Выбрать главу

Вопрос о «Казаках» (и в частности, о соотношении редакции 1858 г. с чтением писем Станкевича) требует особого исследования за пределами этой статьи. Здесь важно только установить связь этой редакции и самого факта возвращения к давно прерванной работе с той умственной «школой», которую прошел Толстой в 1857­1858 г.х. Под влиянием всего пережитого и передуманного за эти годы в его созна­нии чрезвычайно обострилась и стала первоочередной проблема соотношения «временного» (исторического) и «вечного» — проблема, которая составляла траги­ческий центр мировоззрения и поведения Тургенева. Отсюда — и колебания и трудности в писании «Казаков»: Толстой склонялся то к эпосу (с установкой на «вечное», неизменное — на природу, на любовь, на «естественного» человека), то к общественно-историческому роману, изображающему «странное николаевское развитие» молодого человека 40-х годов. Характерны в этом смысле его записи в дневнике 1858 г., связанные с Чичериным. 20 марта: «Много я обязан Чичерину. Теперь при каждом новом предмете и обстоятельстве я, кроме условий самого предмета и обстоятельства, невольно ищу его место в вечном и бесконечном, в истории»; 30 апреля: «Нет, история холодна для меня» (48, 10, 14). В промежутке между этими записями — усиленная работа над «Казаками». Вслед за этим наступил момент, когда Толстой почувствовал необходимость для себя новых жизненных решений, независимых от Тургенева, Анненкова и Боткина.

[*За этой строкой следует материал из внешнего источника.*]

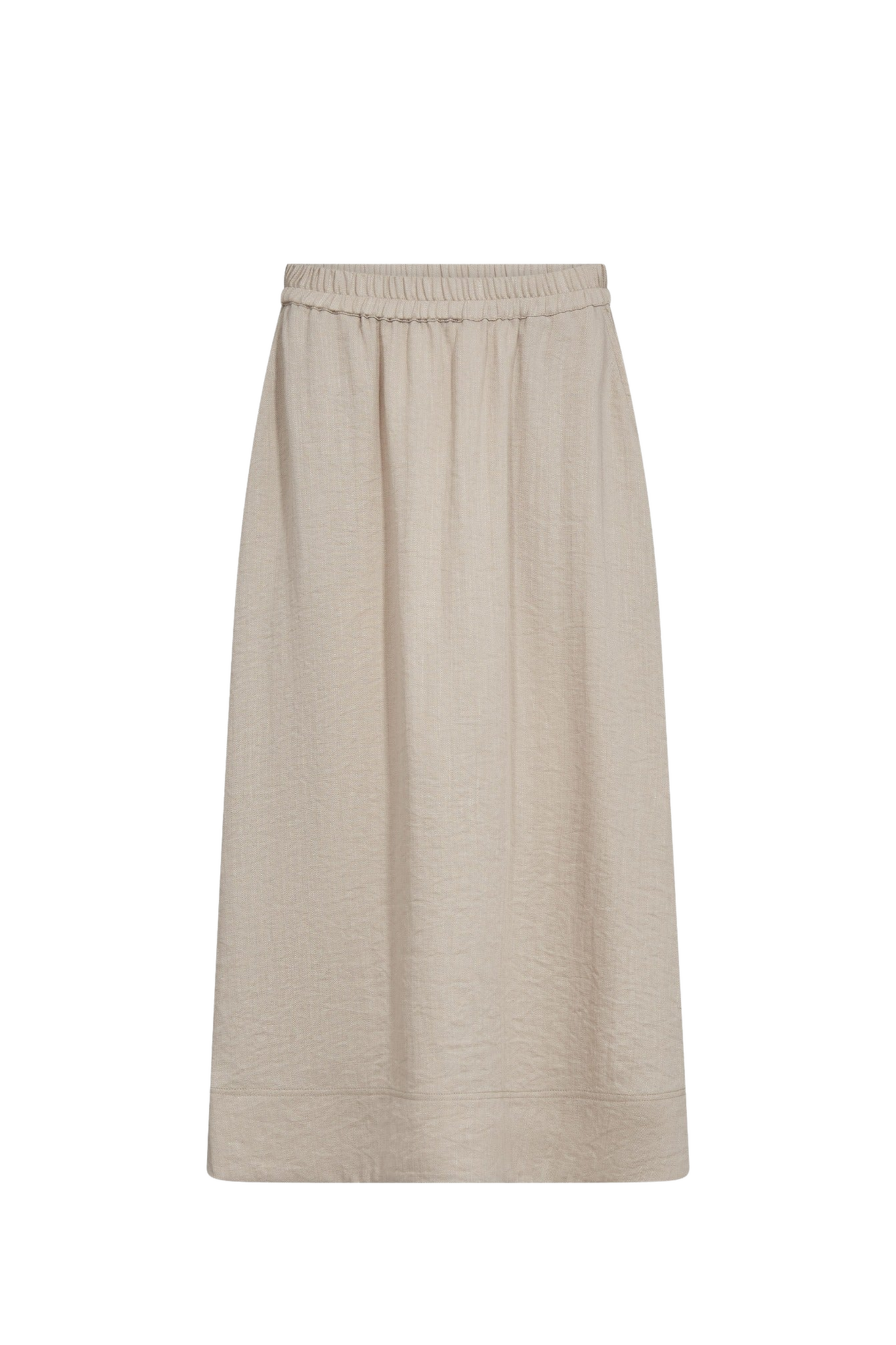 De Co'couture EvaCC Midi Elastic Skirt in Walnut is een stijlvolle en comfortabele rok met een natuurlijke uitstraling. Dit model op enkellengte is vervaardigd uit een luchtige linnenmix en voorzien van een praktische elastische tailleband. De rok is afgewerkt met handige steekzakken in de zijden, waardoor het een ideale combinatie is van elegantie en dagelijks draaggemak.

О приближении этого момента свидетельствовал, в сущности, уже рассказ «Лю­церн». Он не понравился никому из «учителей» Толстого. Тургенев писал ему: «Вы хотите во всем полноту и ясность — и хотите все это тотчас... идите своей дорогой и пишите — только, разумеется, не Люцернскую морально-политическую пропо­ведь. — Боткин мне очень хвалил начало Вашего Кавказского романа. Вы пишете, что очень довольны, что не послушались моего совета — не сделались только ли­тератором. Не спорю, может быть Вы и правы, только я, грешный человек, как ни ломаю себе голову, никак не могу придумать, что же Вы такое, если не литератор: офицер? помещик? философ? основатель нового религиозного учения? чиновник? делец? Пожалуйста, выведите меня из затруднения и скажите, какое из этих пред­положений справедливо. Я шучу — а в самом деле мне бы ужасно хотелось, чтобы Вы поплыли, наконец, на полных парусах»254. Письмо это написано не только с иронией, но и обидой на «ученика». Еще раньше Тургенев писал Боткину: «Я про­чел небольшую его вещь, написанную в Швейцарии, — не понравилась она мне: смешение Руссо, Теккерея и краткого православного катехизиса. Он, как Геркулес, находится на перепутье; дай бог ему пойти по хорошей дороге»255. Под «православ­ным катехизисом» Тургенев разумел, очевидно, напряженный характер моральных исканий Толстого, принимавший религиозный оттенок. Недаром в числе «шутли­вых» вопросов, обращенных к Толстому в письме, был вопрос: «основатель нового религиозного учения?». Зоркий глаз Тургенева увидел уже в «Люцерне» зародыши будущего. Боткин отвечал Тургеневу: «Православный катехизис Толстого меня тоже очень сильно озадачивает, и я не могу себе объяснить, как он так глубоко уселся в нем. Сжатость и ограниченность воззрения смущает меня, между тем как с другой стороны пытливость его и анализ идут до нелепых даже крайностей»256.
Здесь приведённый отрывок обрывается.